How do you measure your life?
As a lawyer, I learned early on that each workday was subject to its measurement in six minute increments. That is, generally, we legal types (as well as many others in service industries) seem tethered to the concept of what is called the “billable hour”. Lawyers routinely record their time spent working on a particular matter/file. Then, their clients are sent invoices showing the number of hours of work performed, multiplied by the hourly rate of the professional. The hourly rate is usually based on seniority, expertise and market conditions. In this way, the quantity of legal services provided can be measured, albeit somewhat subjectively. But the quality of the billable time is much more difficult to assess. Not all billable hours are equal.

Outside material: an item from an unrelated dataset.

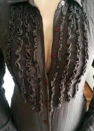 Коричневая тоненькая блузка с красивым декорированием на груди в виде небольшого жабо. Приталена. Ткань слегка жатая. Подходит как под джинсы, так и под офисный костюм.
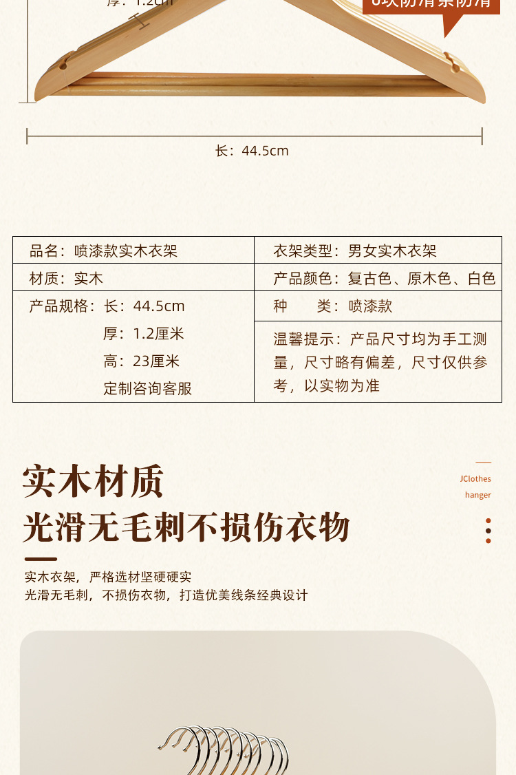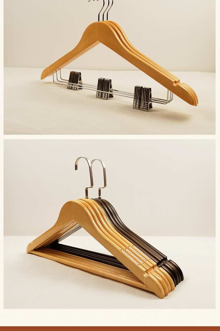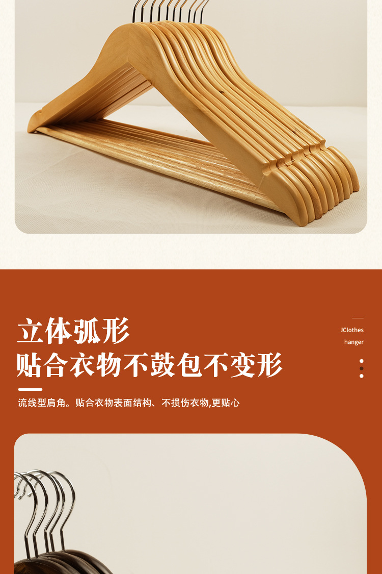 木衣架荷木衣架家用挂衣复古加粗晾衣挂裤架酒店衣架无痕防肩角

I think most people tend to rely on quantitative intervals or measurements. These include not only increments of time but everything in life from monetary values (salary, cost of gas, bank accounts, and debt) to the number of “likes” we get on our Facebook page. The disruption of these fixed points on our calendar or other quantitative measurements can cause us to feel anxious, uncertain and insecure. At times, especially during this coronavirus pandemic era, days (and even weeks) slip by, blending into each other without much notice. Viewed from a quantitative perspective, life itself is evaporating one day, hour or even minute at a time.
During these recent pandemic days, I have become increasingly aware of the importance of evaluating my life based on qualitative assessments, not the quantity of time spent here and there. I find that, just as it is difficult to measure the quality of a billable hour, appraising one’s life subjectively is very challenging, as well as convicting. This process demands that just as we spend our money on what we deem to be important to us, how we spend our time (life’s ultimate nonrenewable resource) reveals our priorities.
I cannot measure the beauty of a sunset, the warmth of a baby sleeping in my arms, or the smell of freshly baked bread, but I can continuously ask myself, “Have I spent my time simply calculating life’s quantitative elements (such as age), or am I truly living out my life priorities?” For me, this is not just an existential exercise. It is grappling with the very practical question, “How can I live more purposefully?”